Some governments have lead the way. New York City’s annual Big Apps contest added an API in 2011. The NYC Open Data API gives programmatic access to over 750 public datasets. We’ve also seen a lot of growth from governments around the world, thanks to Socrata and CKAN, platforms that make it easy to expose data.
Some government APIs are getting very specific. For example, the San Francisco Ethics Commission Lobbyist API is part of a law requiring transparency of lobbyist disclosure statements. We called it the first ethics API.
In addition to the surge of government APIs, we also saw continued interest in some of the usual categories. We now list 500 Internet APIs, which includes many cloud and platform-as-a-service APIs. For example, there are 7 Amazon Internet APIs, including the popular Amazon EC2, which probably runs many APIs itself.
It’s important to remember that this API thing is still quite new. The leaders aren’t working from well-worn maps. They’re creating their own paths. Like the Wild West, there’s an “anything goes” approach that is bound to come under scrutiny as APIs go mainstream. Many, some even advanced developer-types, will likely call for more standardization. The chaos of an ever-expanding API universe will lead some to search for order. And a bit of order is probably needed.
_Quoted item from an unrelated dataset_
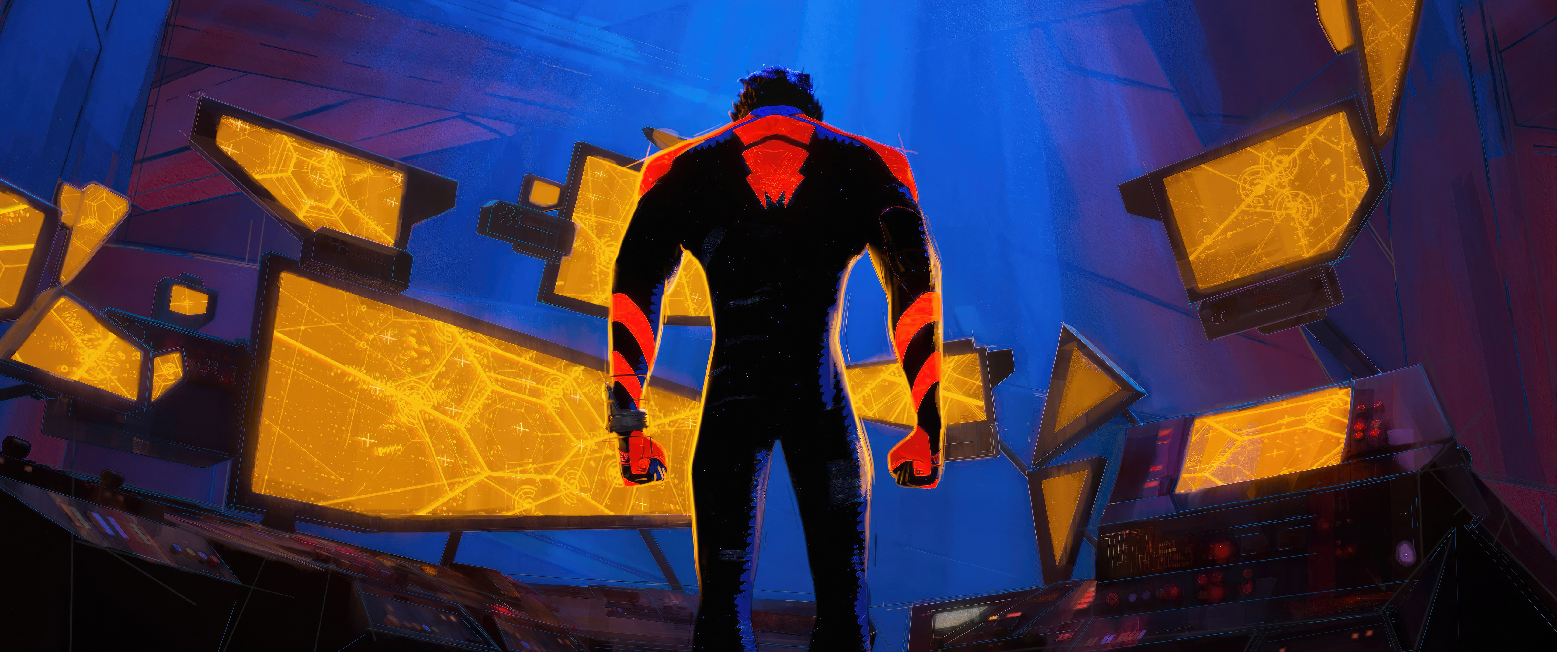Spider-Man 2099 In Spider-Man: Across The Spider-Verse 5K Wallpaper Background with a maximum resolution of 5120x2145 px.
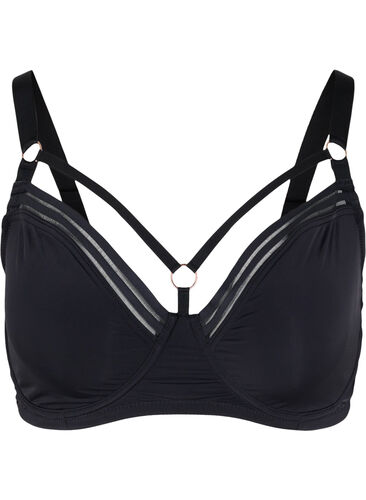 En vanlig BH med bygel och utan vaddering. BH:n har breda justerbara band och mesh samt snördetaljer över bysten.

But it’s a lack of order that has been one of the drivers of API growth. REST is a method for accessing APIs, often over HTTP, so many APIs can be explored in a web browser, similar to visiting websites. Though few can agree on what makes something “true REST” (a 2000 paper by Roy Fielding does spell out the criteria), the simplification inherent in REST has helped make it easier for providers to implement APIs and easier for developers to consume them.
By contrast, SOAP APIs are far more ordered: methods are spelled out and made available in a machine-documented manner. Yet, with this order comes overhead. SOAP is still popular in enterprises, where company have tools that make creating and consuming the APIs easy. However, we have seen the number of SOAP APIs shrink year after year. Developers gravitate to the lower barrier of a REST API.
All signs point to hitting a couple more 1,000 API milestones this year. If every company is going to have APIs, there are still a whole bunch more on the way. Google, Twitter and Facebook are helping lead the way to an API-filled future. Amazon, eBay and Best Buy are showing us how to make money with APIs. Further, once commerce APIs get more traction, expect an onslaught of APIs that allow purchases to happen right within the APIs.